**What the task asks:**
Among the entries below, find the line with "From hair bows" and the line with "9月17日在黑龍江省佳木斯市富錦市拍攝的星空下的大豆。". Return exactly those lines and every line between them, but no pictures.

**Data supplied:**
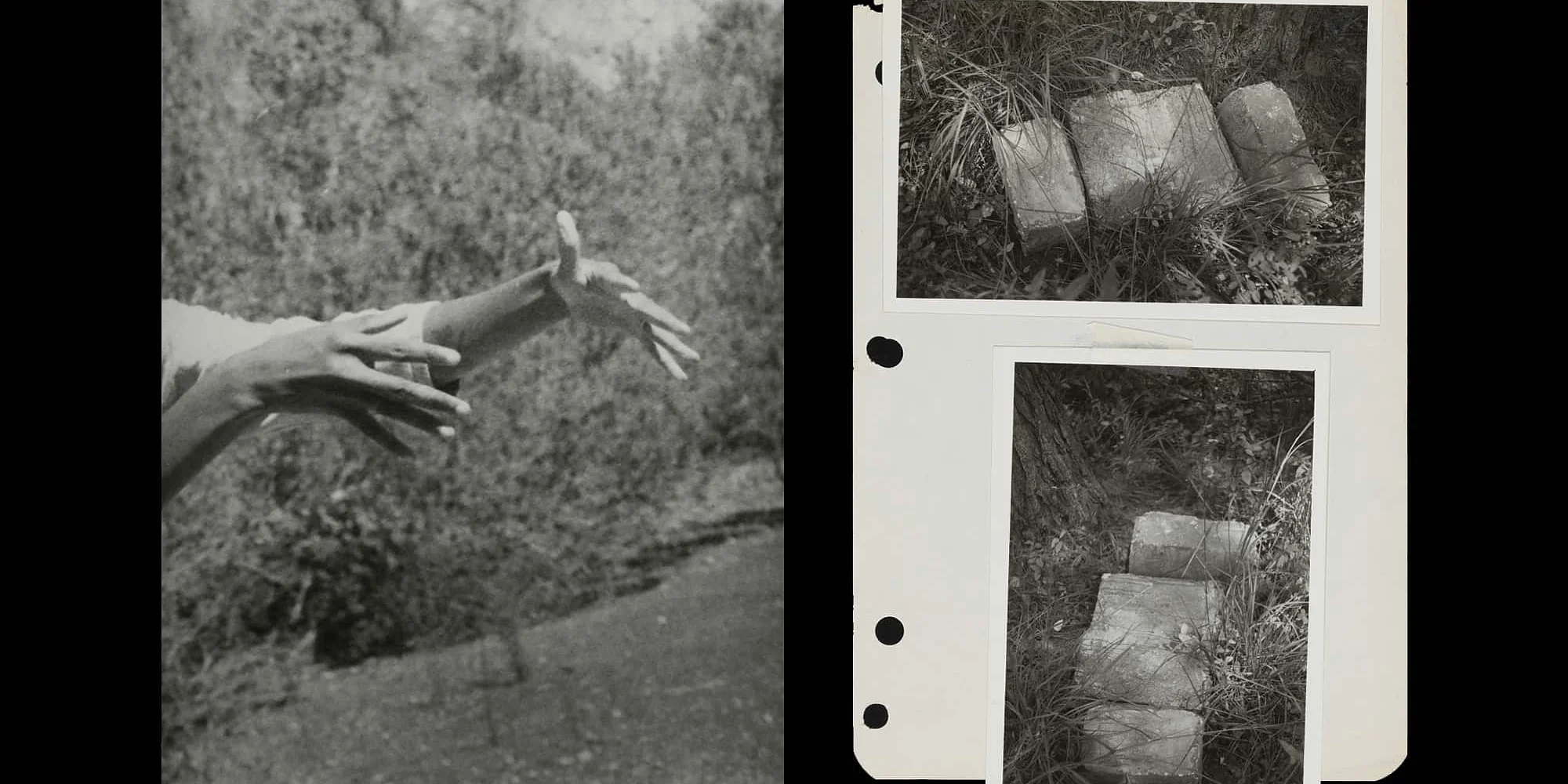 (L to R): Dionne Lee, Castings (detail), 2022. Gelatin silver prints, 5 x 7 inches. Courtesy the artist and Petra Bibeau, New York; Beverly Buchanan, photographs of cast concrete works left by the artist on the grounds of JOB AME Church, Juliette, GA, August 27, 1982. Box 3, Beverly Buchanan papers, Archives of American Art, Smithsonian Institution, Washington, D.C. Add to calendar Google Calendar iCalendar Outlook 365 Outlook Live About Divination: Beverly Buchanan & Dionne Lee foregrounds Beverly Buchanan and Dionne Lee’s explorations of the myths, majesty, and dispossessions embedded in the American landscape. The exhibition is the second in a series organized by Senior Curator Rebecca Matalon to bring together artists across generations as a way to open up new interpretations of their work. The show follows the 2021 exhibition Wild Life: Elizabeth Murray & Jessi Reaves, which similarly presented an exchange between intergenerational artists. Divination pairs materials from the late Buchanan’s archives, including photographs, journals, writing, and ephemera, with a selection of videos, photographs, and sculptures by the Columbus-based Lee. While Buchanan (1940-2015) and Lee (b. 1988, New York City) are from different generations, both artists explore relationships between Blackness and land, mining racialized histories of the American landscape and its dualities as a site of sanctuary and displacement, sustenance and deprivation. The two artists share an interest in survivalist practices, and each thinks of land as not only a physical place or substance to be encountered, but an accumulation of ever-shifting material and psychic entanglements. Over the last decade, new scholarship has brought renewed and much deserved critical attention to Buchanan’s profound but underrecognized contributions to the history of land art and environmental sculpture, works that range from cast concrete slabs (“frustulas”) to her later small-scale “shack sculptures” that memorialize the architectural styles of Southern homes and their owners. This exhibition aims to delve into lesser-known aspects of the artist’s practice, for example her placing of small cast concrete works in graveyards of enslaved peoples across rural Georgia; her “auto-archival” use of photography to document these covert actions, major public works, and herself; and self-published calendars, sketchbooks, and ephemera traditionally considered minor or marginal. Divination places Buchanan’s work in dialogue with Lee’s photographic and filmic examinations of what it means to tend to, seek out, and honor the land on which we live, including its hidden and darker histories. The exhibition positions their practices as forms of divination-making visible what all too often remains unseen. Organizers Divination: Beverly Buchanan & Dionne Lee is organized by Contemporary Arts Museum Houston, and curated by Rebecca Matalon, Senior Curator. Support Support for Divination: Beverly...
==
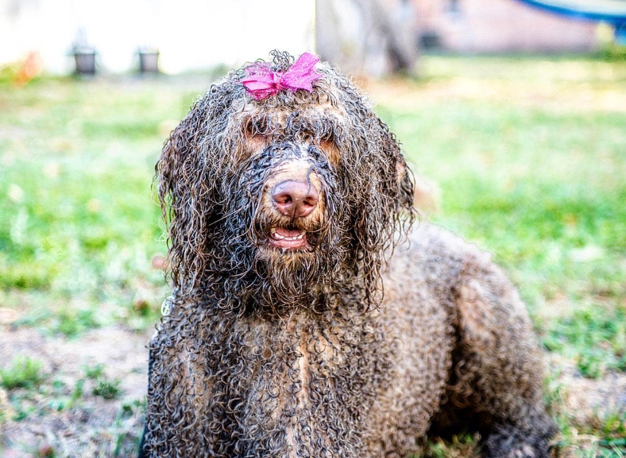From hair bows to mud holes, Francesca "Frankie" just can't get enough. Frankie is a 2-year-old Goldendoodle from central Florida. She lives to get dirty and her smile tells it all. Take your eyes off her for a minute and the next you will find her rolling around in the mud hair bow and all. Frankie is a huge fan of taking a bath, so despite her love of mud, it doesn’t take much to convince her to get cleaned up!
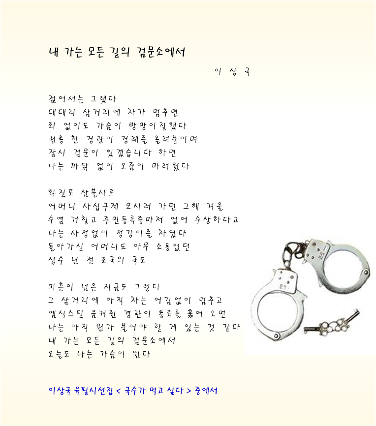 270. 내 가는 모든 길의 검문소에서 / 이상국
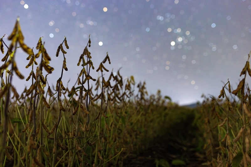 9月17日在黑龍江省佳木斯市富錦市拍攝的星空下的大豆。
==
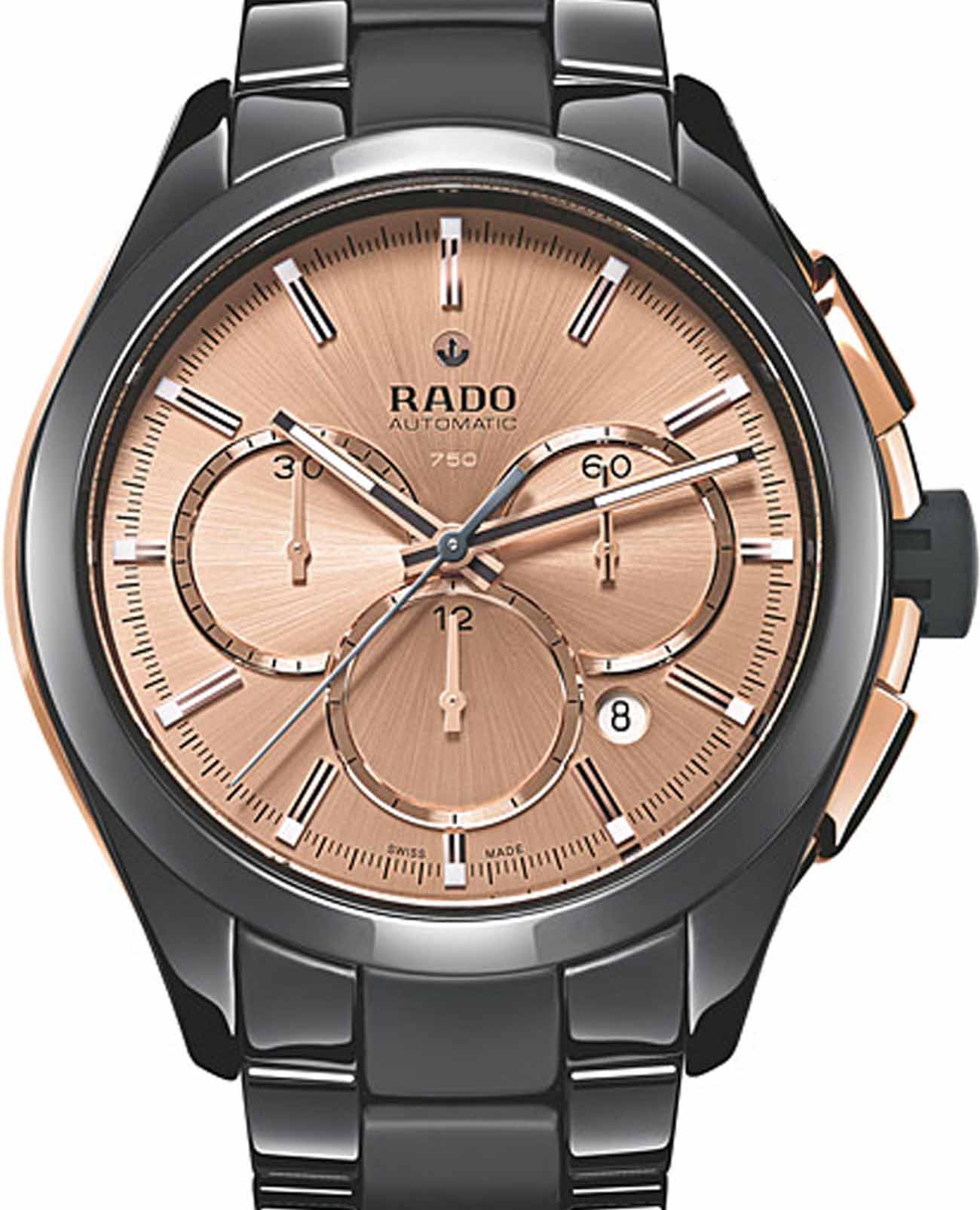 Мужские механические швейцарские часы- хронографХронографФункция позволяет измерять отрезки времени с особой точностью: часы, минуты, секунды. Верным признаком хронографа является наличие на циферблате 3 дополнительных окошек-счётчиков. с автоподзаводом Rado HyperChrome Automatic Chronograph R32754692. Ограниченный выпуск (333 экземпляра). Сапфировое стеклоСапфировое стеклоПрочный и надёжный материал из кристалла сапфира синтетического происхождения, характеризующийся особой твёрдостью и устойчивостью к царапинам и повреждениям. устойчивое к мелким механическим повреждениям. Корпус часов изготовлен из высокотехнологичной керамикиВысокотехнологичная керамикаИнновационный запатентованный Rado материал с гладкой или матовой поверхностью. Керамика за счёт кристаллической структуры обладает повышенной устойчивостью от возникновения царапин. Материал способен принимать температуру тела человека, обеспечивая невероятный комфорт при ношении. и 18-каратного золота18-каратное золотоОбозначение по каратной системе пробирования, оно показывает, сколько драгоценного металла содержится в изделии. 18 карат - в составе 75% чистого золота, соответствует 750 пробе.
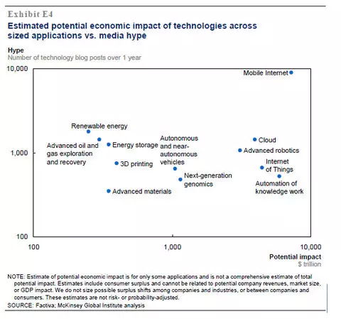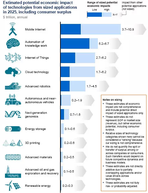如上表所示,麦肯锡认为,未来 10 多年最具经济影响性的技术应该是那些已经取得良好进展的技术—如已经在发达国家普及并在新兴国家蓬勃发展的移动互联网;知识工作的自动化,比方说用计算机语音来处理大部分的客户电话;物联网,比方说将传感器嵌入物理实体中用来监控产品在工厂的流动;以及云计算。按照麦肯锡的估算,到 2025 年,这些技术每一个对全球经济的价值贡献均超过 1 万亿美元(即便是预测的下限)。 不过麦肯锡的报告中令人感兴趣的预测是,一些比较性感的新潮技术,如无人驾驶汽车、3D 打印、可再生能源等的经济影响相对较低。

**The answer:**
From hair bows to mud holes, Francesca "Frankie" just can't get enough. Frankie is a 2-year-old Goldendoodle from central Florida. She lives to get dirty and her smile tells it all. Take your eyes off her for a minute and the next you will find her rolling around in the mud hair bow and all. Frankie is a huge fan of taking a bath, so despite her love of mud, it doesn’t take much to convince her to get cleaned up!
 270. 내 가는 모든 길의 검문소에서 / 이상국
 9月17日在黑龍江省佳木斯市富錦市拍攝的星空下的大豆。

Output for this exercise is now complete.